Melt the butter and allow it to cool slightly. In a large mixing bowl, add the melted butter and sugar and whisk until thoroughly combined. Mix in the egg, vanilla, and espresso powder and mix well, for about 30 seconds.
Fold in the cocoa powder, flour, and salt. Once only a few streaks of flour remain, mix in the mini chocolate chips. Spread the brownie batter evenly in the prepared pan and set aside.
Cheesecake Filling: In the bowl of a stand mixer fitted with a paddle attachment, beat the cream cheese and sugar together until smooth and creamy.

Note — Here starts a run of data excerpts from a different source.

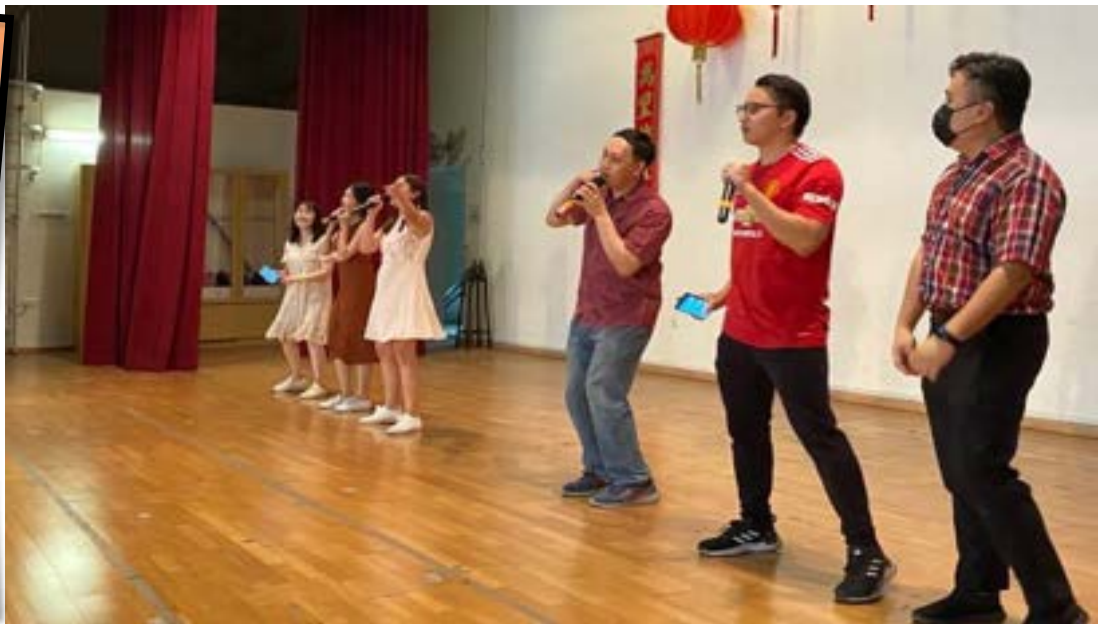
Our talented Springdalites and teachers performing on the stage
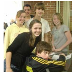
The after-hours Treasure Hunt on Nov. 11 was a big hit. Above, the winners.

Last year in January, the library lifted the gloom of winter with "LOL at the Library." This year, it's Snow Ball. Join us in January!
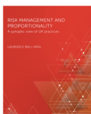
PhD Thesis Risk and Proportionality King's College London
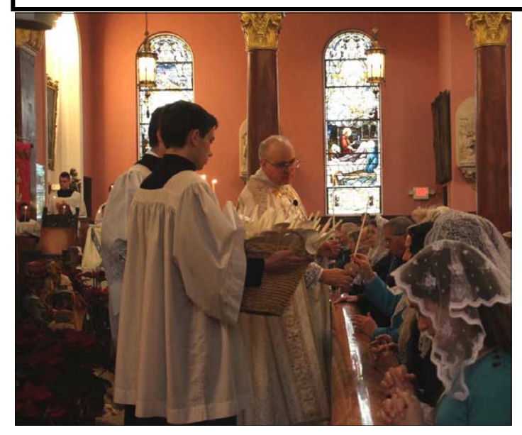
FRONT COVER: The Distribution of the Blessed Candles at the 10:30 Mass on Candlemas Day, February 2nd.
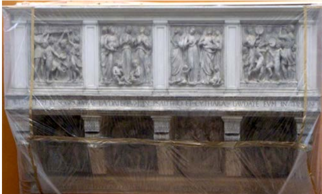
Fig. 6. Luca della Robbia, Cantoria , 1438, 19 th century replica Victoria and Albert Museum, London
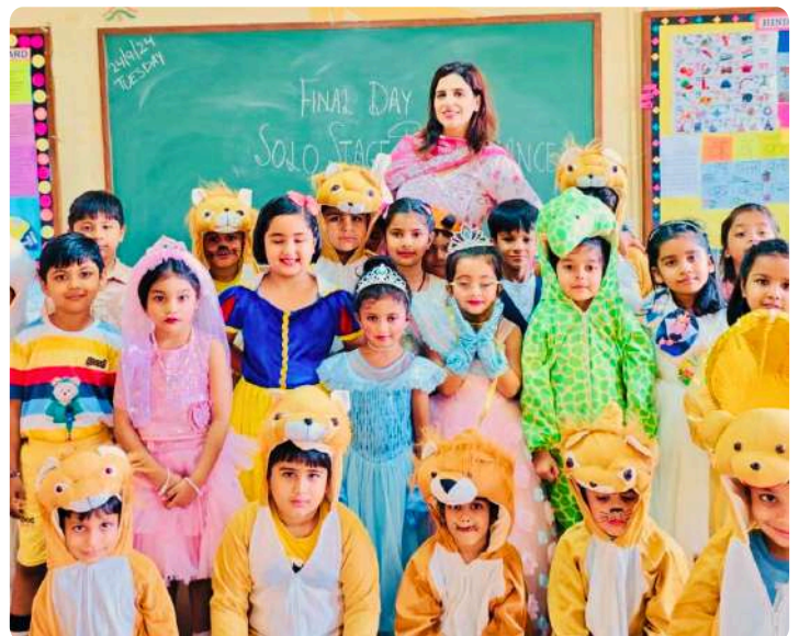
Young Storytellers mesmerised the audience

Ghaziabad: Aligned with the Unit of Inquiry, How We Express Ourselves Through Stories, this experience unlocked creativity, confidence, and self-expression in the young learners. Budding storytellers enchanted the audience with their words, actions, and emotions, leaving everyone in awe.
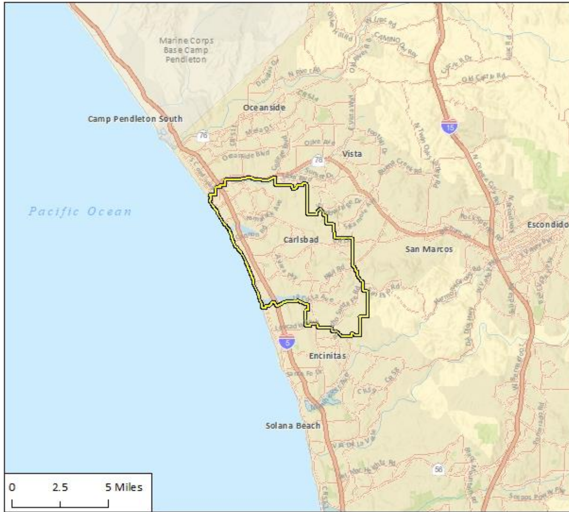
Figure 1 Regional Location

The regional setting is depicted in Figure 1. The Planning Area consists of the existing city limits and is depicted in Figure 2.
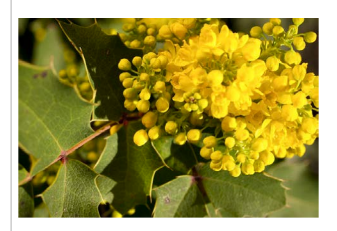
Creeping Mahonia - image credit: Gardenia.net

With a little planning and effort, you can create a thriving and beautiful landscape using native groundcovers here in the Bass Lake area.
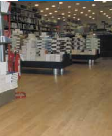
An example of an installation of wood on a surface levelled with Ultraplan - Messagerie Musicali - Rome - Italy
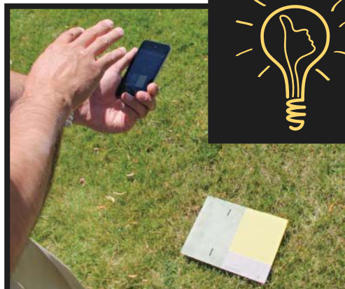
Through a photo taken by a smartphone, the GreenIndex will give superintendents an exact measurement of how green the grass is.

ments more consistent and objective. The app can assist in making decisions associated with declining greenness. It's a tool to help keep turf in the optimal range, not over- or under-fertilized," Rusciollelli says. "Once it's calibrated anyone can go out and take the measurements."
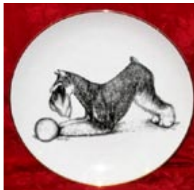
27. Pepper/salt GS decorative plate

Add the Baileys, flour, and vanilla. Mix just until the ingredients are all incorporated but be careful not to overmix.
Spread the cheesecake filling over the brownie batter, being careful not to mix the two batters. Bake the brownies for 25-30 minutes or until the cheesecake is set and starts to brown on top.
Cool the brownies to room temperature then place them in the fridge until completely chilled.
Ganache: Combine the chocolate and heavy cream in a microwave-safe dish and heat in 20-second increments, stirring in between until melted. Pour the warm ganache over the chilled brownies and spread it to the edges. Chill the brownies until the ganache is set.
Once the ganache has set up, cut the brownies into equal pieces with a sharp knife. Serve and enjoy!